En cualquier caso, sí que es cierto que la sentencia establece unas pautas importantes para poder dilucidar en cada modelo de negocio si estamos realmente hablando de servicios de mera intermediación entre particulares para que sean los usuarios los que llevan a cabo la actividad de economía colaborativa o, por el contrario, dichos operadores realizan una actividad económica propia. De esta cuestión va a depender que la empresa esté obligada, o no, a disponer de una autorización administrativa previa en aquellos sectores regulados en los que sea necesaria.

Así, a futuro, podremos tomar como referencia la sentencia en el caso concreto de Uber para dictaminar si la actividad de una plataforma tecnológica se limita a poner en contacto a particulares o, por el contrario, es imprescindible para que se lleve a cabo el servicio, dado que la misma interviene en aspectos como el precio del producto o servicio, la calidad del producto o servicio, la idoneidad de los medios o el comportamiento del prestador del servicio, aspectos que destaca la sentencia en este caso concreto para concluir que la actividad de Uber incide directamente en estas cuestiones y, por tanto, se encuadra en un "servicio en el ámbito de los transportes" y no en un mero "servicio de la sociedad de la información".

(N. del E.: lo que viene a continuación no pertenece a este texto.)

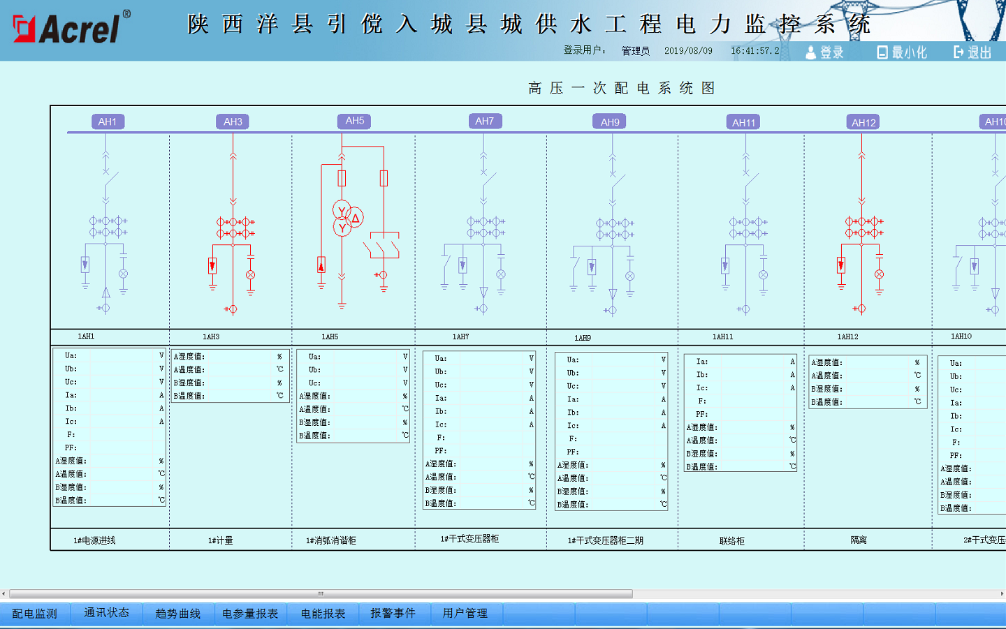 0 概述 陜西洋縣引儻入城縣城供水工程為解決城區(qū)供水不足等問題,從新水源地引水至凈水廠,廠區(qū)新建的配水井、混合絮凝沉淀池、V型濾池、清水池、吸水井、送水泵房、加藥加氯間、自動(dòng)化控制系統(tǒng)等生產(chǎn)及附屬工程也全部建成并投入使用。工程設(shè)計(jì)日供水2萬立方米,可滿足城區(qū)10多萬群眾的日常生活用水。為更好地了解能源消耗情況,并監(jiān)控配電可靠性,現(xiàn)需要在配電房增設(shè)電力監(jiān)控系統(tǒng)一套,系統(tǒng)監(jiān)控范圍包含現(xiàn)場(chǎng)30塊多功能表計(jì)。 本次項(xiàng)目主要涉及陜西洋縣引儻入城縣城供水工程中的配電房出線內(nèi)的多功能電表及高壓保護(hù)裝置,其中值班室置于監(jiān)控值班室。
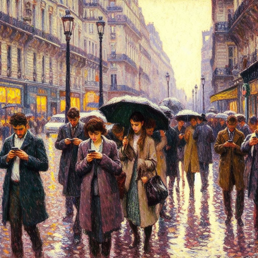 As my prompts started to get better, I started asking more direct questions of the machine. Such as “Create a painting in the style of Gustav Caillebotte’s ‘Paris Street, Rainy Day,’ but with everyone looking at their mobile phones.”
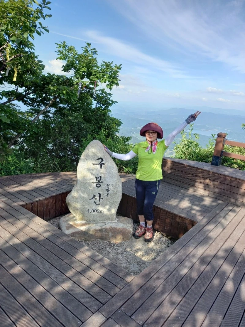 구봉산 정상에서 100대 명산 53번째 인증숏 찍는다. 나를 기다려주며 끝까지 함께 한 분이 오이와 방울토마토를 주시기에 앉아서 먹고 넋을 잃고 풍경 조망을 한다. 환상의 세계가 따로 없다.

En conclusión, ha quedado establecido que en aquellos casos en los que la empresa prestadora del servicio, tenga capacidad de condicionar la relación entre los particulares o su intervención se entienda indisolublemente ligada a la prestación del servicio por la capacidad de decisión en su ejecución, no estaremos ante una mera intermediación y, por tanto, si esta actividad se encuentra en un sector regulado, habrá que cumplir con los requisitos normativos de dicho sector.

Joaquín Muñoz es abogado experto en Tecnología de ONTIER.